Paper Link

Summary of Contributions

This paper discusses a new way to learn hierarchical policies from meaningful but not expert human demonstrations and reinforcement learning with the following contributions:

  1. A hierarchical learning method that bootstraps from non-expert human data and is amenable to fine-tuning by reinforcement learning.
  2. Demonstrates that a hierarchical imitation learning method can outperform flat alternatives for imitation.
  3. Shows that their method outperform baselines quantitatively on baselines for long-horizon multistage tasks.

Detailed Comments

In this paper, authors provide a novel way to learn policies for long-horizon tasks by decomposing the policy hierarchically into a simple architecture and then bootstrapping it with human data before finetuning with RL. The method uses a simple hierarchical architecture where the high level policy defines a subgoal for the low level policy and the subgoal remains fixed for T timesteps (T=30). Their relay policy learning method is divided into two stages: 1. relay imitation learning 2. relay reinforcement learning. In stage 1, the authors leverage human demonstrations where the human are taking meaningful actions in the environment. They learn a goal reaching policy by relabelling the dataset by time chunks depending if it is the high level or the low level policy. In stage 2, the authors use this initialized policy to fine tune with RL. Since there are two levels of hierarchy, the optimization is challenging. The authors use decoupled updates where one policy is kept fixed while the other policy is updated via natural policy gradient. An additional behavior cloning loss is added to keep the policy close to the dataset.

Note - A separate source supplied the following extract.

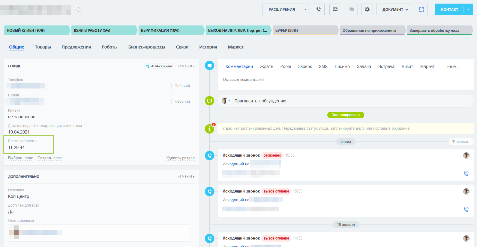 В сущностях Лид, Контакт, Компания и Сделка добавлено поле "Время у клиента", которое показывает текущее время клиента, определенное по его номеру мобильного телефона, заведенного в карточке Лида/Компании/Контакта в системном поле "Телефон". Если телефонов несколько, то приоритет отдается телефону, у которого указан тип "Мобильный".

The authors experiment on the kitchen manipulation domain with two interesting results. Each task in kitchen domain consists of four subtask and success is measured based on how many tasks the policy has completed. First they show that hierarchical imitation learning improves over traditional flat imitation learning as a result of additional data generation by relabelling and leveraging generalization by training on a variety of goals. Second, they show that baselines fail to learn on this long horizon domain with a very low success rate whereas RPL is able to solve 3.5/4 tasks on average. They also ablate the window size and propose variations of their method. Overall, the paper's readability can be improved. Kitchen as a benchmarking task for long horizon control maybe too restrictive of an assumption. These results might not carry on to unstable control domains such as hopper. It would also help to include experimental details and clarifications in the appendix in more detail.